一言にロコモといっても、原因はひとそれぞれなのです

手術や薬物療法が必要な場合もあれば、リハビリテーションを要する場合、栄養指導により十分な栄養補給を求められる場合など、対処法はそれぞれです

そのため、何が原因で今の状態になっているのかをしっかり理解し、その原因を取り除くための介入が必要になります!

ロコモーショントレーニング

日本整形外科学会では「ロコトレ」というものを推奨しています

ロコトレはこの4つです

  • 片足立ち
    • いつでもつかまれるような場所でおこなう
    • 足がつかない程度に軽く上げる
    • 左右1分間を1日3セット
  • スクワット
    • お尻を後ろに引くように、2~3秒間かけてゆっくりと膝を曲げる
    • 1セット5~6回を1日3セット
  • ヒールレイズ
    • 両足で立った状態で踵を上げて、ゆっくり下す
    • 1セット10~20回を1日2~3セット
  • フロントランジ
    • 脚をゆっくり大きく前に踏み出す
    • 太ももが水平になるくらいに腰を深く下げたら、踏み出した脚を元に戻す
    • 1セット5~10回を1日2~3セット

少なくとも太字の2つ「片足立ち」「スクワット」が大事です!

これらを、自分の状況に合わせて行います

詳しくはロコモOnline公式サイト「ロコトレ」をご覧ください!

運動習慣を持つことが大事

運動を習慣化することで、運動器を健康に保ち健康寿命の延伸の効果が期待できます!

今のうちから運動習慣をつけられると、歳をとった時にとても役に立ちます

健康な時から「健康寿命延伸を意識して運動習慣をつける」というのも、なかなか難しいことだと思います…

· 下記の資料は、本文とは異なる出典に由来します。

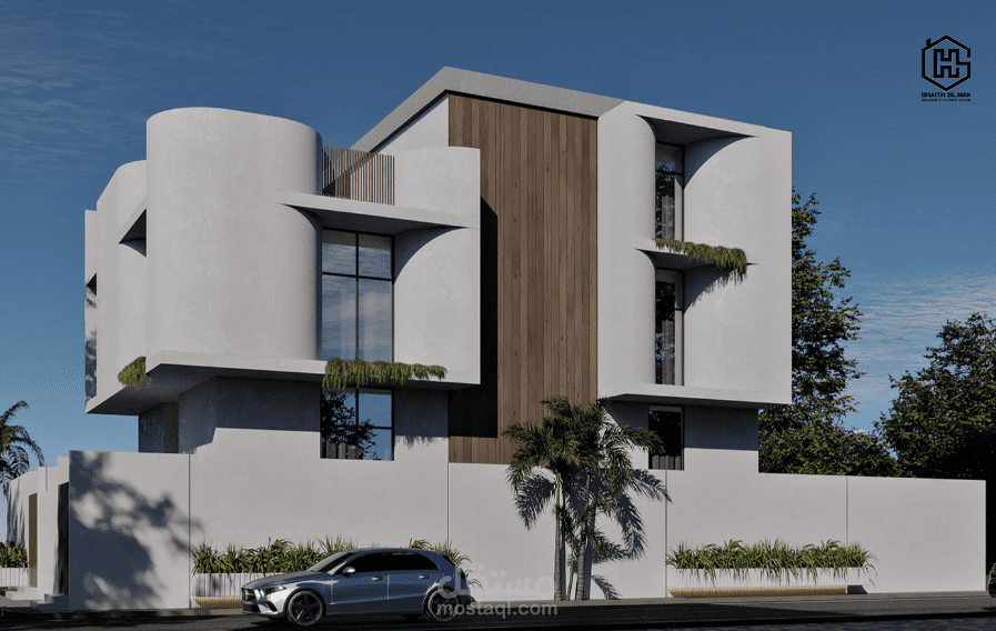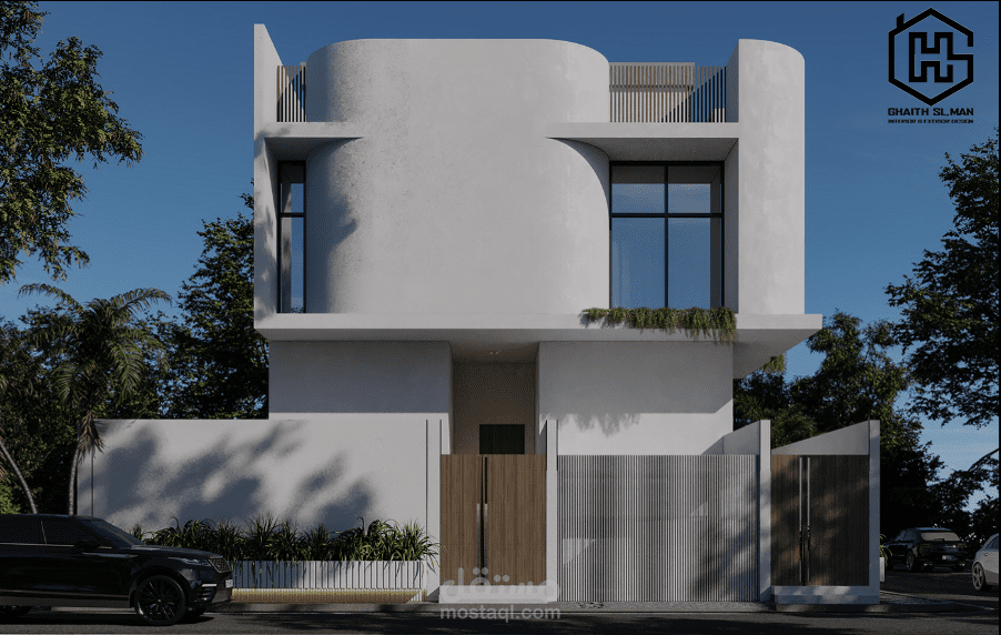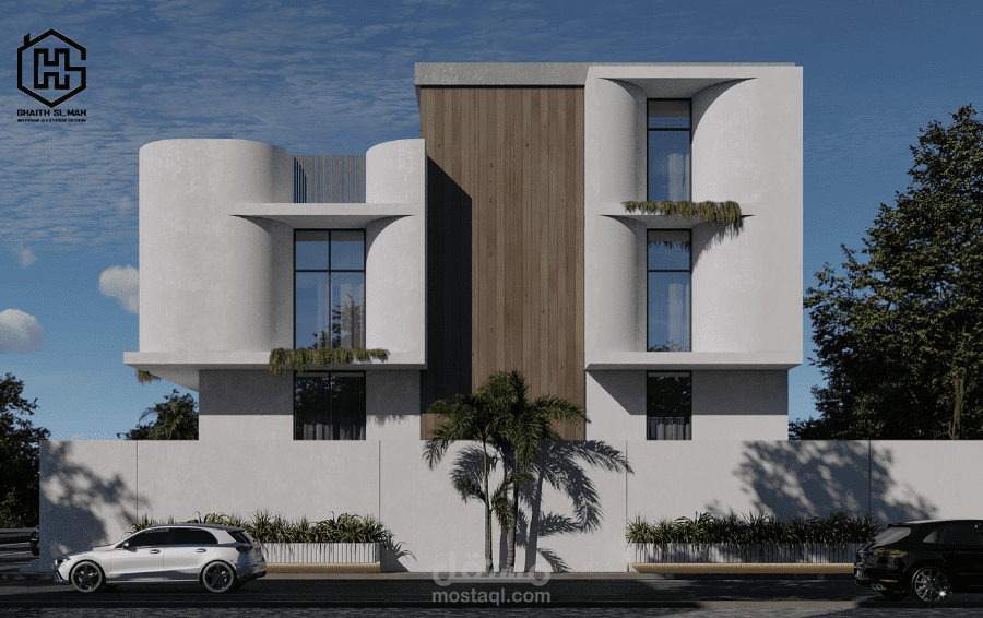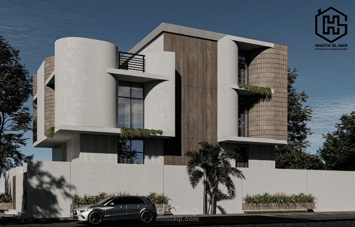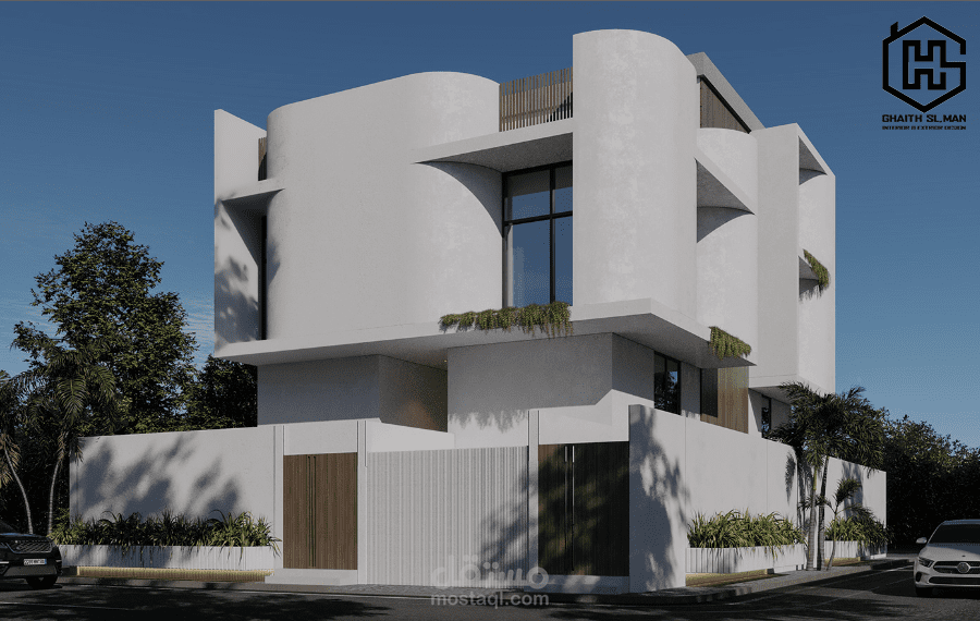 My design for the external facades of a villa in the United Arab Emirates. The design was according to the client’s request, with a simple design with a wrapped angle. The extension of the external facades is interrupted by horizontal elements to add a kind of luxury. Wood was added to the external facade with the addition of a type of resistant material. The design was simple and expressive.

当ブログでは「これから運動してみようかな!」と思えるようなことを発信していきますので、徐々に運動しようと思う気持ちが芽生えればと思います

健康増進だけが運動の目的ではありません

ダイエットやボディメイク、なんでも構いませんので、なにかをきっかけに運動をしてみて、徐々に習慣化を図るのもいいでしょう!


まとめ

今回は、運動器の障害によって移動機能低下をもたらす「ロコモティブシンドローム」についてまとめてみました!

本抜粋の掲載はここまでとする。